45 pages • 1 hour read
Kazuo IshiguroA modern alternative to SparkNotes and CliffsNotes, SuperSummary offers high-quality Study Guides with detailed chapter summaries and analysis of major themes, characters, and more.
“It was indeed a concept that fascinated me, this notion that he was in some mysterious way connected to various of the higher walks of life, even though he looked and behaved no differently from the rest of us. However, I cannot imagine I ‘mercilessly interrogated’ him as he had claimed. It is true the subject was something I thought about a lot when I was fourteen or fifteen, but Osbourne and I had not been especially close at school and, as far as I remember, I only once brought it up with him personally.”
From the outset, Ishiguro introduces the concept of unreliable memory, which he connects to Banks’s reliability as a narrator, indicating that his preferred memories might not make him objective. Additionally, his early observations mark him as unconscious of a combination of elitism and insecurity with which he approaches the upper classes in England, a foreign country to him.
“What I saw was a small, rather elf-like young woman with dark, shoulder-length hair. Even though at that moment she was clearly wishing to charm the men she was talking to, I could see something about her smile that might in an instant turn it into a sneer. A slight crouch around her shoulders, like that of a bird of prey, gave her posture a suggestion of scheming.”
Banks’s first sighting of Sarah indicates much about her character and his view of the young woman. He sees her as “elf-like,” suggesting an otherworldly quality, a being of beauty with powers that can help or hinder. He recognizes her cynical charm because it corresponds to his own. The fact that he describes her as a “bird of prey,” and then proceeds to fall in love with her tells us about his character: Banks knows, understands, and loves trouble.
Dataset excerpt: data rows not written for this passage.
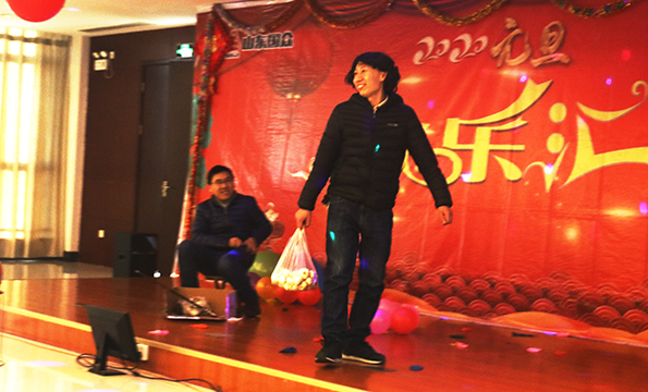歡樂匯以“開球見喜”為主線,員工上場開球以隨機(jī)的形式抽取,開小球表演簡單的小節(jié)目,無需準(zhǔn)備,簡單新穎,比如,員工劉壽山開球開出——走模特步,讓他頗為難為情,跟著女主持一起模仿模特步,引得員工笑顏頓開;開大球,員工表演各種節(jié)目。匯場上,新年的歡樂氛圍火爆,員工舒心快樂的表演節(jié)目,王旭東、徐可的《沙漠駱駝》,以明快的節(jié)奏激活了歡悅的氛圍;杜杰的幽默表演——《中國功夫》,以粗狂的武術(shù),給大家?guī)砹苏鸷常痪狭值囊磺?dú)奏《毛主席話兒記心上》,給大家?guī)Щ氐矫珷敔敃r(shí)代的回憶中去;李寧演唱的《在哪遙遠(yuǎn)的地方》,可謂聲情并茂,唱出了遙遠(yuǎn)地方姑娘的美麗與善良;陳爍帶來的魔術(shù)表演,新穎活躍,調(diào)節(jié)了匯場的氛圍,給大家新奇的感覺,也展現(xiàn)了陳爍機(jī)智和風(fēng)趣的個(gè)性;幽默滑稽的小品《如此問價(jià)》,給大家?guī)砹藲g悅,也將元旦佳節(jié)的喜慶氛圍推上了新的高潮;員工顏彬的一曲《家住臨沂》,道出了沂蒙人民熱愛家鄉(xiāng)的昂揚(yáng)情結(jié);孟祥松、盧元福等員工的大合唱《我的未來不是夢》,唱出了員工的心聲,展露出國眾員工熱愛生活,追求美好前程的精神面貌;趙桂基、高珩超表演的相聲《求職趣事》讓匯場的氛圍更加火爆。
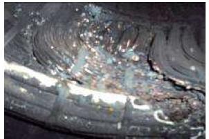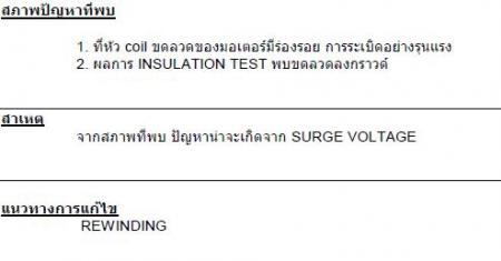 ขอให้ความคิดเห็นอย่างนี้ครับ จุดที่เสียหายเป็นจุดที่แน่นอนว่า มากกว่า 70 เปอร์เซนต์ของมอเตอร์ที่เสียหายจากขดลวดไหม้จะเกิดที่บริเวณนี้ และบริเวณนี้เราจะเรียกว่า End Coil ซึ่งก็คือบริเวณที่ยื่นออกจากแกนเหล็ก เพราะบริเวณนี้จะไม่มีสล๊อตคอยควบคุมรูปร่าง หรือจับยึด ทำให้เมื่อมีการสตาร์ท หรือเกิดการเปลี่ยนแปลงของโหลดจะเป็นบริเวณที่เกิด Stress หรือแรงกระทำมากที่สุด จากภาพที่เห็นสภาพโดยรวม มอเตอร์ตัวนี้น่าจะมีอายุการใช้งานมานาน เพราะดูได้จากสายหลีดมีสภาพที่แห้งกรอบ ซึ่งทำให้เป็นไปได้อย่างมากที่สภาพฉนวนโดยรวมเสื่อมสภาพ และแน่นอนว่าจุดที่มีแรงกระทำมากกว่าย่อมที่จะมีโอกาสเกิดความเสียหายมากกว่า ซึ่งก็ได้แ่ก่บริเวณ End Coil |
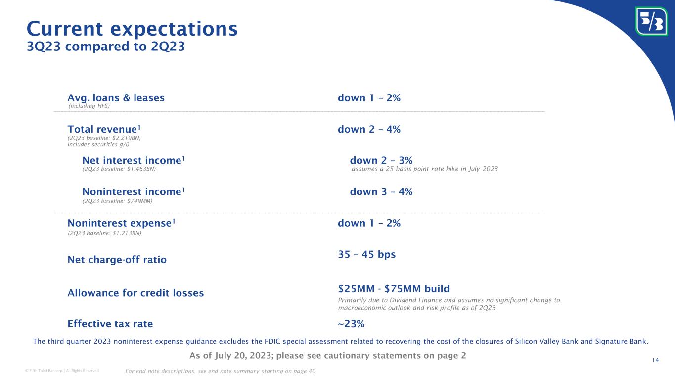 © Fifth Third Bancorp | All Rights Reserved up 3 – 5% Noninterest expense 1 up 4 – 5% (FY22 baseline: $4.719BN) Net charge-off ratio 25 – 35 bps Effective tax rate ~23% For end note descriptions, see end note summary starting on page 40 As of July 20, 2023; please see cautionary statements on page 2 Total revenue 1 up 3 – 4% (FY22 baseline: $8.487BN; Includes securities g/l) (including HFS) Avg. loans & leases up 1 – 2% Current expectations FY 2023 compared to FY 2022 13 assumes a 25 basis point hike in July 2023, remaining at 5.50% for remainder of 2023 Allowance for credit losses $25MM – $75MM build per quarter in 2H23 Primarily due to Dividend Finance and assumes no significant change to macroeconomic outlook and risk profile as of 2Q23 Net interest income 1 Noninterest income 1 stable (FY22 baseline: $5.625BN) (FY22 baseline: $2.944BN) The full year 2023 noninterest expense guidance excludes the FDIC special assessment related to recovering the cost of the closures of Silicon Valley Bank and Signature Bank.
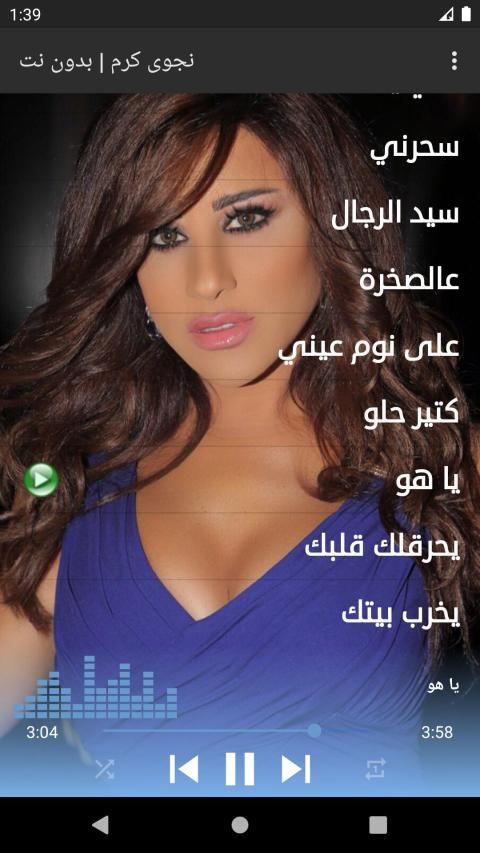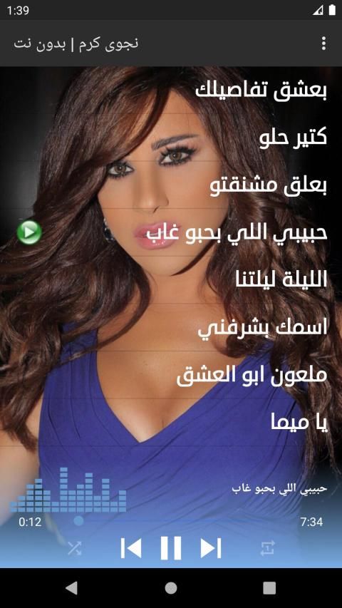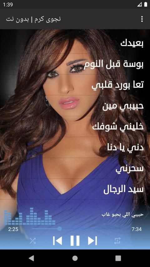 نجوى كرم 2019 | بدون نت يتضمن التطبيق الاغنيات التالية:
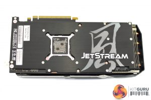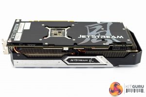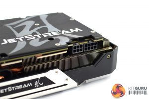 As for the backplate, this is made from brushed metal and covers the length of the PCB, with a small cut-out behind the GPU core. It's mostly plain apart from the JetStream logo positioned on the right side of the backplate.
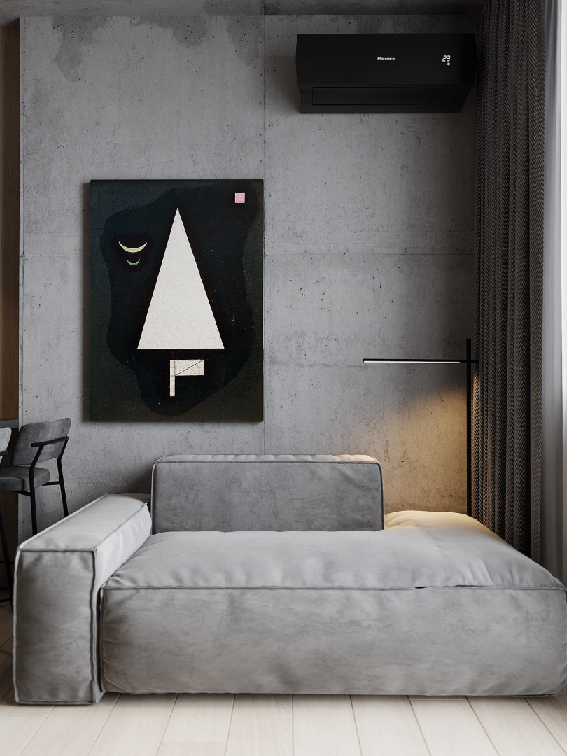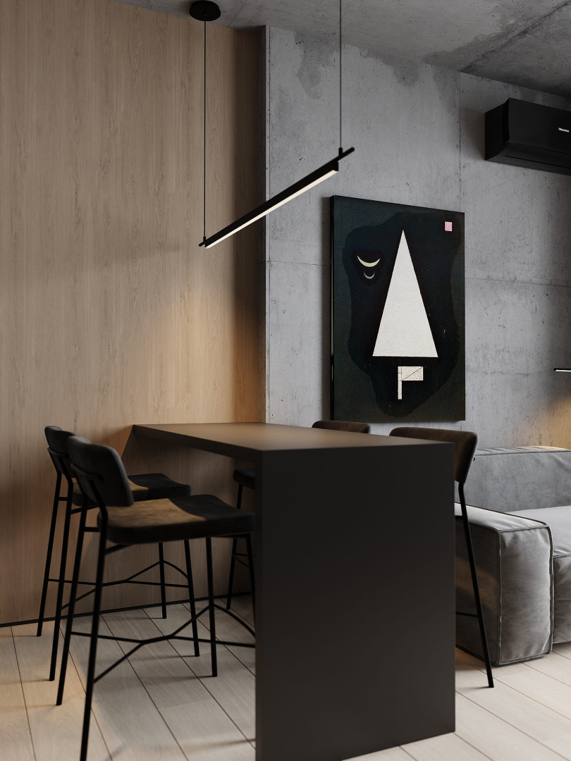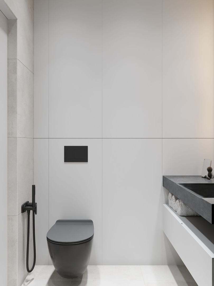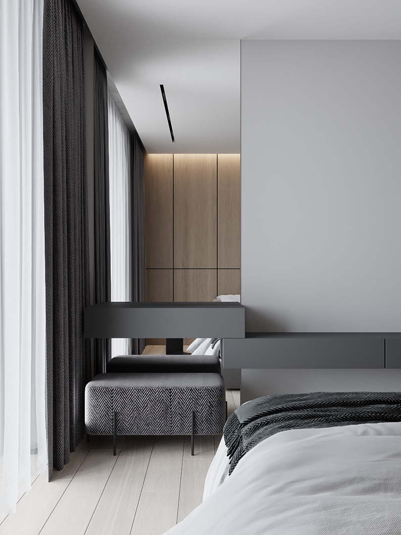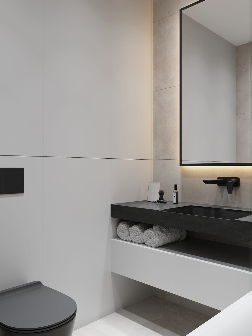 Современный, монохромный интерьер для ценителей минимализма.

“For gradually, from behind his cheerful anecdotes, there was emerging a picture of myself on that voyage to which I took exception. His repeated insinuation was that I had gone about the ship withdrawn and moody, liable to burst into tears at the slightest thing. No doubt the colonel had an investment in giving himself the role of an heroic guardian, and after all this time, I saw it was as pointless as it was unkind to contradict him. But as I say, I began to grow steadily more irritated.”
This quote is another indication of Banks’s unreliable memory. He projects onto the Colonel negative feelings because the image the older man presents of Christopher as a child does not match Banks’s improved version of himself. Diction in words such as “insinuation,” “heroic guardian,” and growing “irritated” implies that Banks believes the Colonel wants intentionally to belittle him, but Banks does (and cannot) offer any rational reason why.